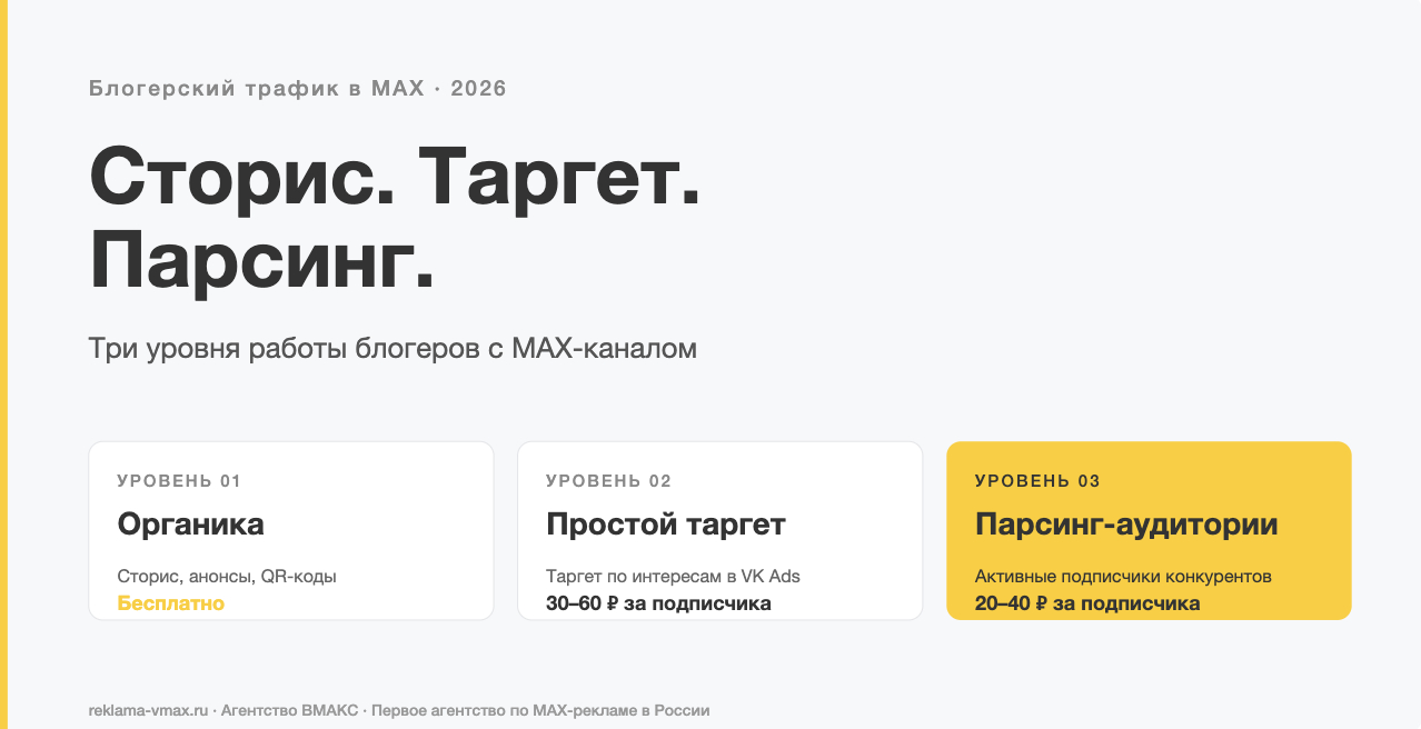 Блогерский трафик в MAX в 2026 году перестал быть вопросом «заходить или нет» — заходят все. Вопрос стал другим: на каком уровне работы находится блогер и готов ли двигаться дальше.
■ ■ ■
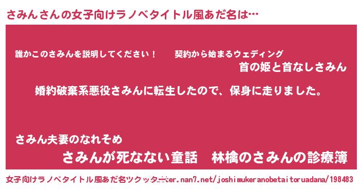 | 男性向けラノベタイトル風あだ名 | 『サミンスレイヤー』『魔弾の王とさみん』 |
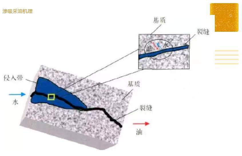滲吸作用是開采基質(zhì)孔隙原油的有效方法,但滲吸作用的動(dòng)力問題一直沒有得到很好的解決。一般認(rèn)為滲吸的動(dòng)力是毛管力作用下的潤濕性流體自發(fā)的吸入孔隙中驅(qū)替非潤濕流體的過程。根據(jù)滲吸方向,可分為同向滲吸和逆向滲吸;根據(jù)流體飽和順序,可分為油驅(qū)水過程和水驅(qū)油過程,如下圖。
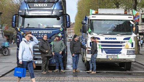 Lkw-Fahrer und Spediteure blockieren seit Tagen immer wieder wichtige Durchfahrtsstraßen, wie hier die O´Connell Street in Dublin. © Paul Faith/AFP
■ ■ ■
WHAT YOU HAVE TO DO: Exactly reproduce the lines above, starting at the one that contains "滲吸作用是開采基質(zhì)" and ending at the one that contains "Lkw-Fahrer und Spediteure", both inclusive; leave the pictures out and add no other lines.

OUTPUT FOR THIS TASK:
滲吸作用是開采基質(zhì)孔隙原油的有效方法,但滲吸作用的動(dòng)力問題一直沒有得到很好的解決。一般認(rèn)為滲吸的動(dòng)力是毛管力作用下的潤濕性流體自發(fā)的吸入孔隙中驅(qū)替非潤濕流體的過程。根據(jù)滲吸方向,可分為同向滲吸和逆向滲吸;根據(jù)流體飽和順序,可分為油驅(qū)水過程和水驅(qū)油過程,如下圖。
 Lkw-Fahrer und Spediteure blockieren seit Tagen immer wieder wichtige Durchfahrtsstraßen, wie hier die O´Connell Street in Dublin. © Paul Faith/AFP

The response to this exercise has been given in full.